When all the instructions have been applied, the current line is output and the next line of input is read into the pattern space. Then all the commands in the script are applied to that line.

Figure 4.1: The commands in the script change the contents of the pattern space.

As a consequence, any sed command might change the contents of the pattern space for the next command. The contents of the pattern space are dynamic and do not always match the original input line. That was the problem with the sample script at the beginning of this chapter. The first command would change "pig" to "cow" as expected. However, when the second command changed "cow" to "horse" on the same line, it also changed the "cow" that had been a "pig." So, where the input file contained pigs and cows, the output file has only horses!

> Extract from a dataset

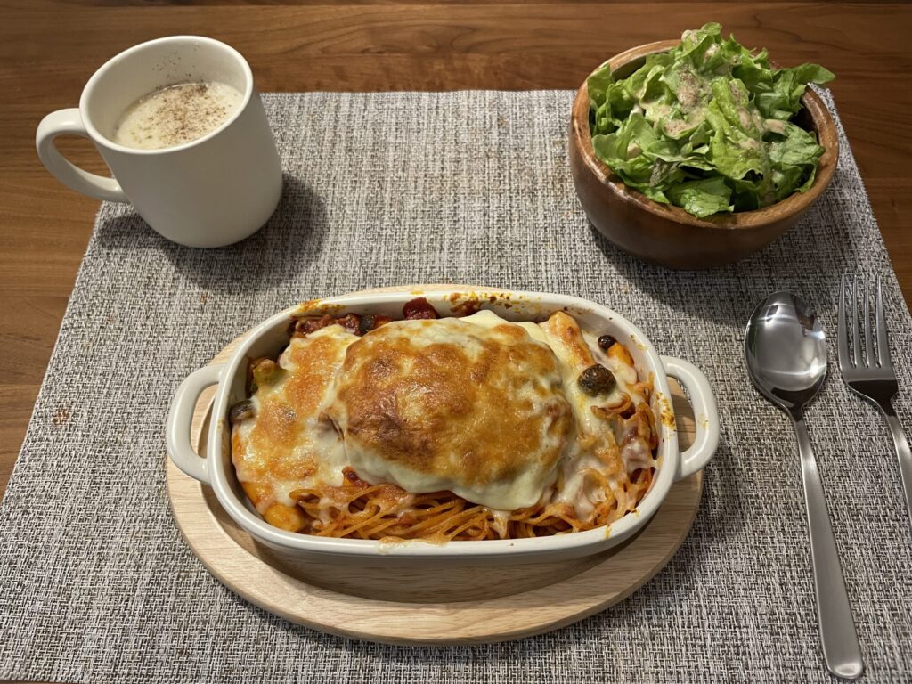 ハンバーグパスタオーブン焼き

This mistake is simply a problem of the order of the commands in the script. Reversing the order of the commands - changing "cow" into "horse" before changing "pig" into "cow" - does the trick.

s/cow/horse/
s/pig/cow/

Some sed commands change the flow through the script, as we will see in subsequent chapters. For example, the N command reads another line into the pattern space without removing the current line, so you can test for patterns across multiple lines. Other commands tell sed to exit before reaching the bottom of the script or to go to a labeled command. Sed also maintains a second temporary buffer called the hold space . You can copy the contents of the pattern space to the hold space and retrieve them later. The commands that make use of the hold space are discussed in Chapter 6.